Le tribunal de commerce doit se prononcer sur une offre lundi prochain lors d'une audience, selon les syndicats. Employant quelque 1150 personnes, dont 800 en France et 350 en Algérie, la compagnie Aigle Azur a été placée la semaine dernière en redressement judiciaire et a cessé tous ses vols vendredi.

Dans une interview donnée au Parisien, le secrétaire d'État aux Transports Jean-Baptiste Djebbari a exprimé sa volonté qu'il y ait un «repreneur sérieux, capable d'offrir des garanties sur un maximum d'emplois». Quant au fait de créer un fonds de garantie pour le remboursement des passagers, «Il faut savoir que de nombreuses cartes bancaires (...) sont aujourd'hui pourvues d'assurances permettant le remboursement, (...) mais ce n'est peut-être pas suffisant», déclare-t-il.
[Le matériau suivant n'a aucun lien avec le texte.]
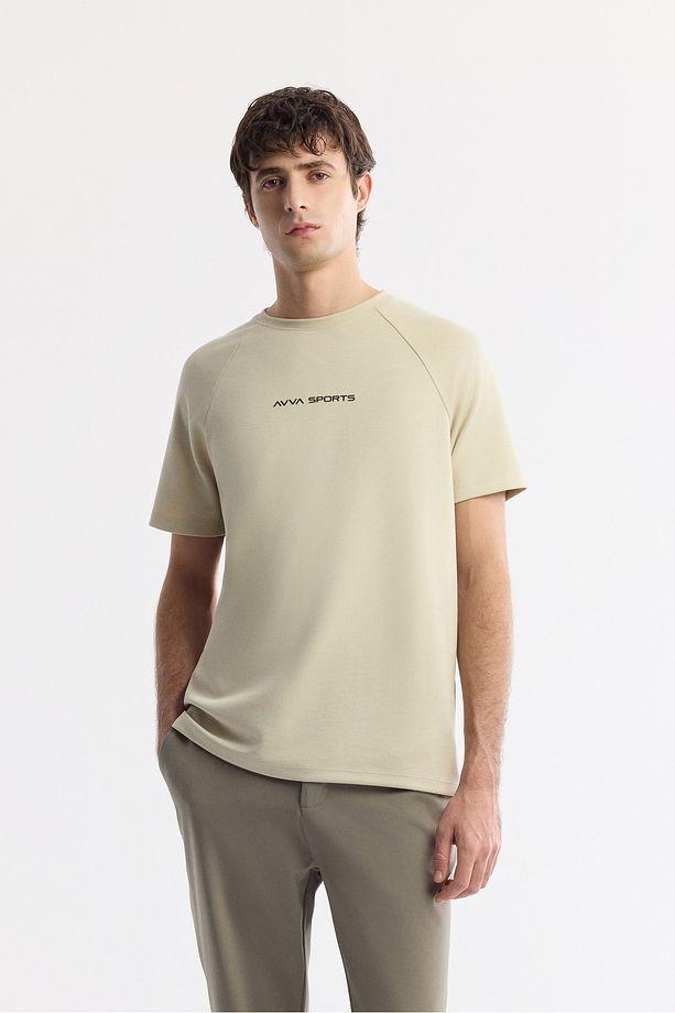 Avva Erkek Bej Bisiklet Yaka Baskılı Oversize Fit T-Shirt A41Y1168

«J'ai tendance à ne jamais écouter les ministres»

La CFDT a appelé les salariés à se réunir à partir de 13 heures devant le siège social d'Aigle Azur à Orly, tandis que le SNPL les a appelés à faire de même à 14 heures. Plus tôt en fin de matinée, FO et le SNPL appelaient par ailleurs à un rassemblement devant le ministère des Transports à Paris. Actuellement, une centaine de salariés s'y trouvent. Beaucoup se sont munis de fanions aux couleurs de leur compagnie ou du drapeau algérien, d'autres brandissant des pancartes condamnant le PDG démissionnaire d'Aigle Azur, Frantz Yvelin: «Yvelin assassin» ou «Yvelin m'a tuer», pouvait-on y lire.

Certains paraissaient très émus, à l'image de cette membre du personnel navigant commercial: «Des années de bons et loyaux services mis à la poubelle pour différentes raisons qu'on ne saisit pas aujourd'hui... Tout ce qu'on espère, c'est qu'on nous écoute et qu'on continue de travailler. Tout ce qu'on veut, c'est travailler. On n'aura peut-être pas les salaires qu'on avait jusqu'à présent mais on ne veut pas non plus être bradés», a-t-elle déclaré à l'AFP. Peu avant midi, Jean Hédou, secrétaire général de la Fédération de l'équipement, de l'environnement, des transports et des services, et Denis Sanchez, délégué syndical syndicat national du personnel navigant commercial, ont annoncé au mégaphone une rencontre à la mi-journée avec le Secrétaire d'Etat aux Transports.